En esas condiciones, apelar a la gran experiencia de buena parte de los países africanos en gestionar y superar pandemias pasadas parece un activo muy escaso ante la magnitud de lo que la propia OMS y otros organismos pronostican a medio plazo. Por una parte, la Comisión Económica de las Naciones Unidas para África ya se atreve a manejar (como mejor escenario previsible) la cifra de 300.000 muertos y 29 millones de personas que se añadirán al enorme grupo de quienes ya viven por debajo de la línea de pobreza. Por otra, Bloomberg calcula que se destruirá uno de cada tres empleos en el sector de la economía informal (que ocupa a unos 440 millones de africanos).
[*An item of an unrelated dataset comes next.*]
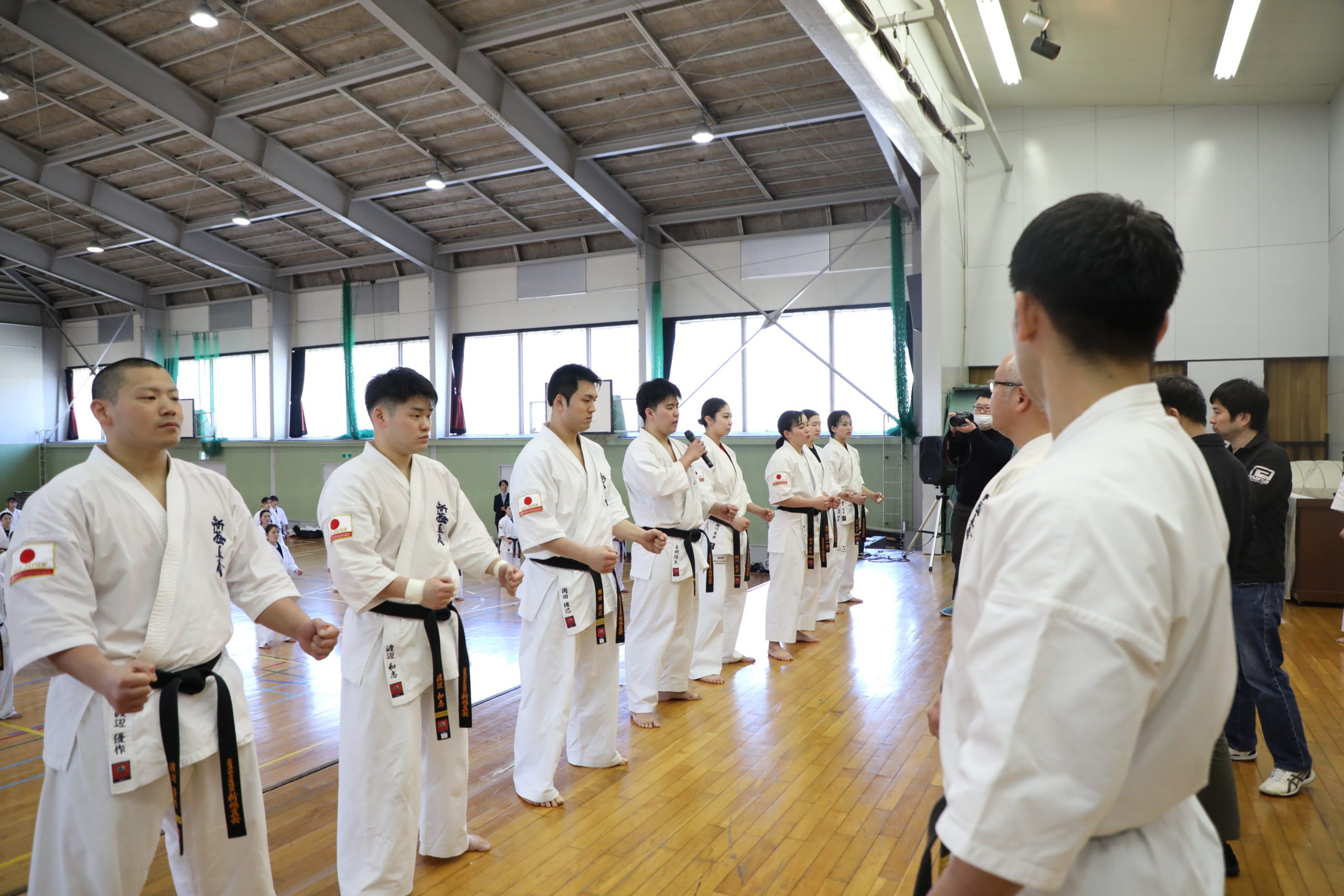 なお合宿不参加となった選手強化副委員長の塚本徳臣師範に代わり、今回の合宿の陣頭指揮を執った選手強化委員の島本雄二支部長は「試合に近い緊張感を持ち、この3日間で気づきや改善点を見つけ、課題を持ってまた5月まで稽古に励むことができる。そういった有意義な合宿にできるよう、一挙手一投足気を抜かずがんばっていきましょう」とエールを送った。

Por eso –contando con los años y décadas perdidas en términos de desarrollo– resulta inmediato concluir que África no podrá hacer frente a este reto con sus debilitadas fuerzas. Solo una significativa y sostenida contribución internacional al esfuerzo permitirá mirar al futuro con menos angustia. El problema es que, por un lado, ya estamos asistiendo a un creciente enrocamiento nacionalista por parte de muchos gobiernos, empresas y organismos internacionales, centrados en gestionar una situación que les va a obligar a hacer sacrificios de inmediato. Por otro, incluso entre quienes más abiertamente parecen apostar por mirar también hacia fuera, conscientes de la interdependencia del mundo globalizado actual, se acumulan muchas más palabras que hechos y decisiones efectivas.
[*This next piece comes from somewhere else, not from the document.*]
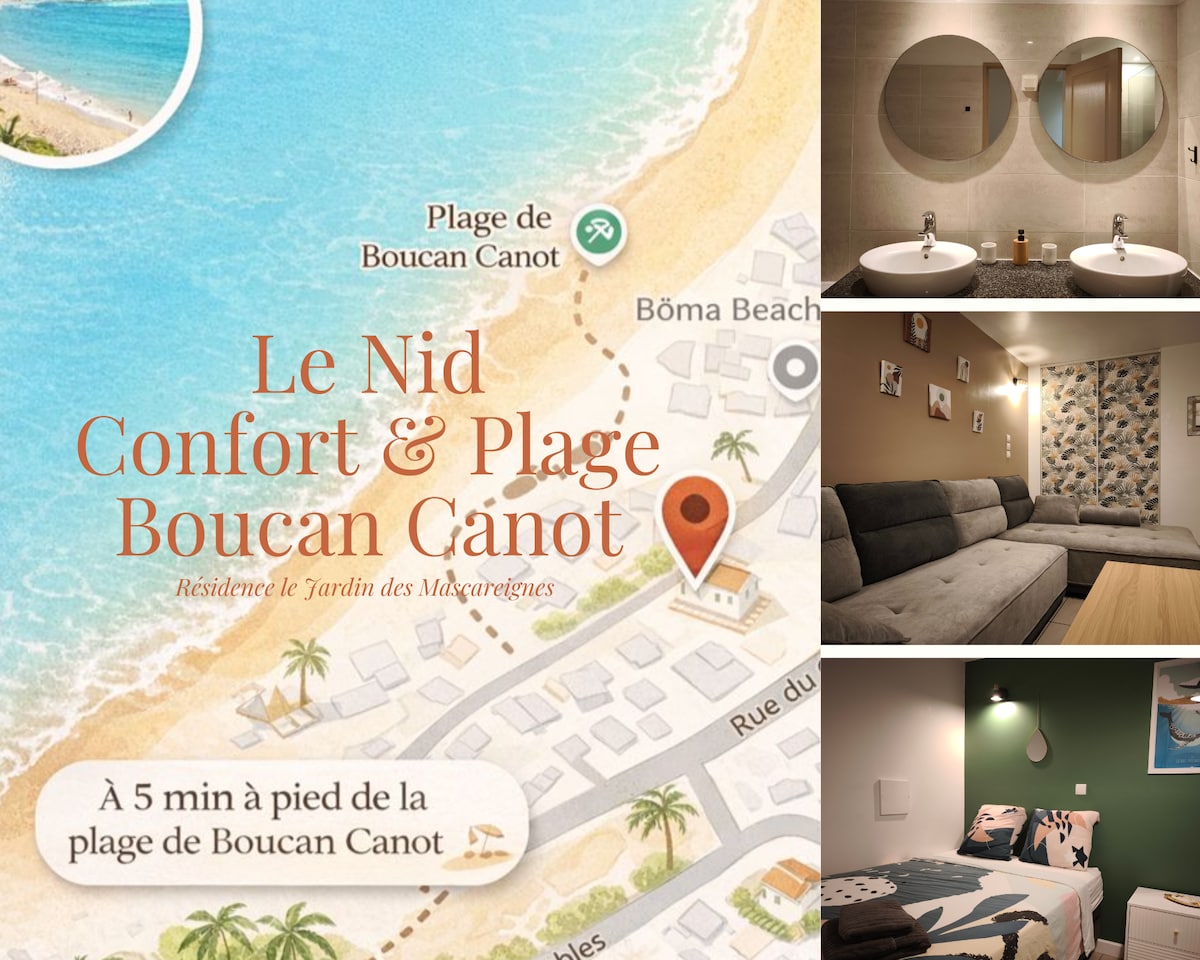 2-room apartment of 44 m² + terrace, in open space classified 3*** with large kitchen, living room with TV, Italian shower. Le Letchi in Boucan Canot welcomes you for short or long quiet stay, view of the tropical vegetation, 500 m from one of the most beautiful beaches on the island, ideal for 4 adults or couples with 1 or 2 children. Secure parking. Supervised and secure beach and large natural seawater pool. Privileged location to visit the island. Extra crib contact us.

La lista va aumentando con llamadas de atención y apelaciones a la solidaridad internacional con África. Pero, de momento, solo tenemos promesas y peticiones como la que han presentado dieciocho jefes de Estado y de gobierno europeos (entre los que figuran los principales mandatarios de Alemania, España, Francia e Italia) y africanos para que se dediquen (¿quién?, ¿cómo?, ¿cuándo?) 100.000 millones de dólares de ayuda y un alivio generalizado de la deuda. Y sobre esa última cuestión también el pasado día 15 de abril el G20 acaba de anunciar su intención (que no equivale a su implementación) de aplicar una moratoria (es decir, un aplazamiento de algo que hay que pagar en cualquier caso más adelante) de 12 meses por un total de 18.000 millones de dólares a 76 países no desarrollados (40 de ellos africanos).
A falta de otras palancas que hasta ahora apenas han activado voluntades políticas suficientes, se trata probar con el egoísmo inteligente: ayudarles para ayudarnos a salir mejor de esta excepcional y crítica situación. Ojalá no sea pedir demasiado.